[Records from a data collection]

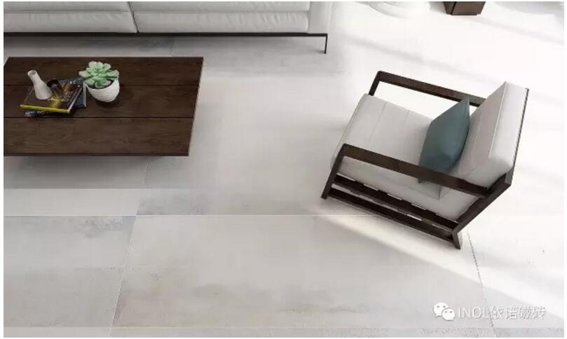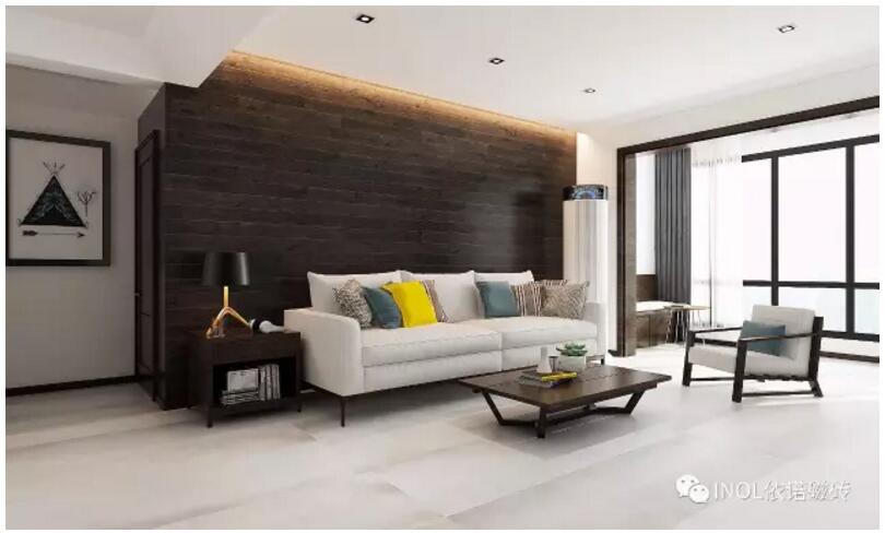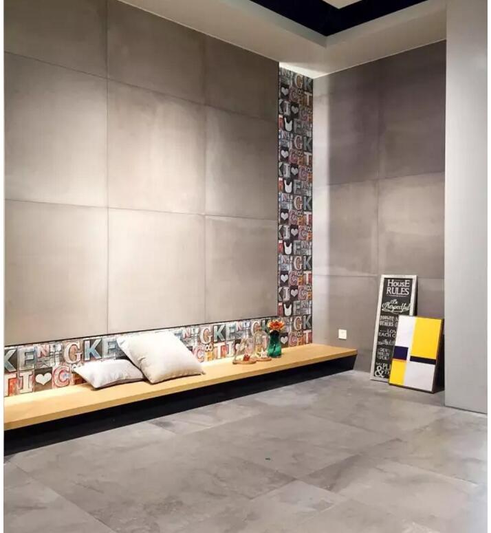 這里有個不太起眼的背景墻。嗯,看起來不起眼的東西往往可能蘊含著不同尋常。這是我們大規(guī)格的仿古產(chǎn)品漢諾石(900X900mm),大磚做背景墻的方法也是很常見了,我們需要從這個實景間看的是做電視柜的那塊擱板的木色以及上面擺設(shè)的兩個布藝抱枕,這里告訴我們沙發(fā)的選擇可以是木質(zhì)和布藝結(jié)合的沙發(fā),墻邊放著的兩幅畫則展示了若此景運用到家裝中沙發(fā)背景的掛畫風(fēng)格及顏色。
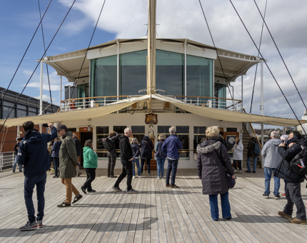 Visitors exploring the Verandah Deck, captivated by the fascinating history of The Royal Yacht Britannia on the complimentary audio tour.
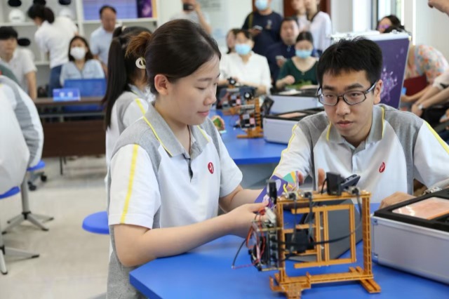天津益中學(xué)校人工智能創(chuàng)新實(shí)驗(yàn)室的同學(xué)們?cè)谶M(jìn)行動(dòng)手實(shí)踐
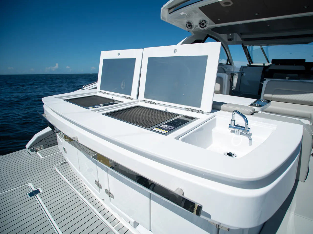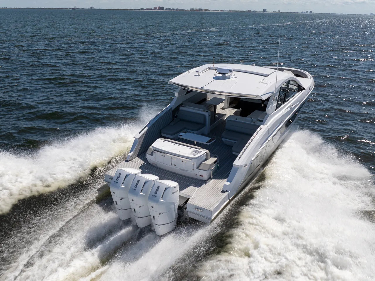 With cutting-edge engineering, the 50GLS OB delivers exceptional handling and breathtaking speed, making every outing a thrill. Whether you’re gliding across calm waters or navigating waves, this luxury boat provides a smooth and powerful ride.
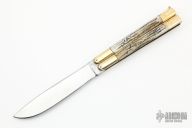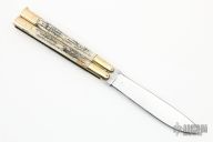 This balisong from the Philippines features a drop point blade with a satin polished blade. The handle has brass bolsters, brass channel/liners, jigged bone scales, brass T-latch. Has some scratches, otherwise good condition.
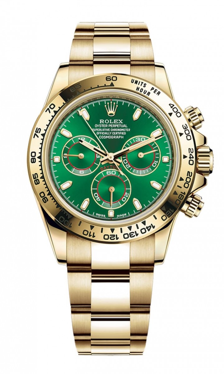 此型號中最受市場喜愛的是綠面版本(也就是大家常聽到的綠金迪),但其實同個型號共有多達8種不同顏色的面盤;有意思的是,有時光只是面盤顏色的差異,就能決定手錶行情的起伏,例如黑面的116508現在要價約53,000美金以上,但綠金迪的行情遠不止這樣,想要入手少說要花到77,000美金。

Description of the task:
Treating the line with "Visitors exploring the" as the last line to include, retype the records exactly from their first line, excluding pictures.

Solution:
 這里有個不太起眼的背景墻。嗯,看起來不起眼的東西往往可能蘊含著不同尋常。這是我們大規(guī)格的仿古產(chǎn)品漢諾石(900X900mm),大磚做背景墻的方法也是很常見了,我們需要從這個實景間看的是做電視柜的那塊擱板的木色以及上面擺設(shè)的兩個布藝抱枕,這里告訴我們沙發(fā)的選擇可以是木質(zhì)和布藝結(jié)合的沙發(fā),墻邊放著的兩幅畫則展示了若此景運用到家裝中沙發(fā)背景的掛畫風(fēng)格及顏色。
 Visitors exploring the Verandah Deck, captivated by the fascinating history of The Royal Yacht Britannia on the complimentary audio tour.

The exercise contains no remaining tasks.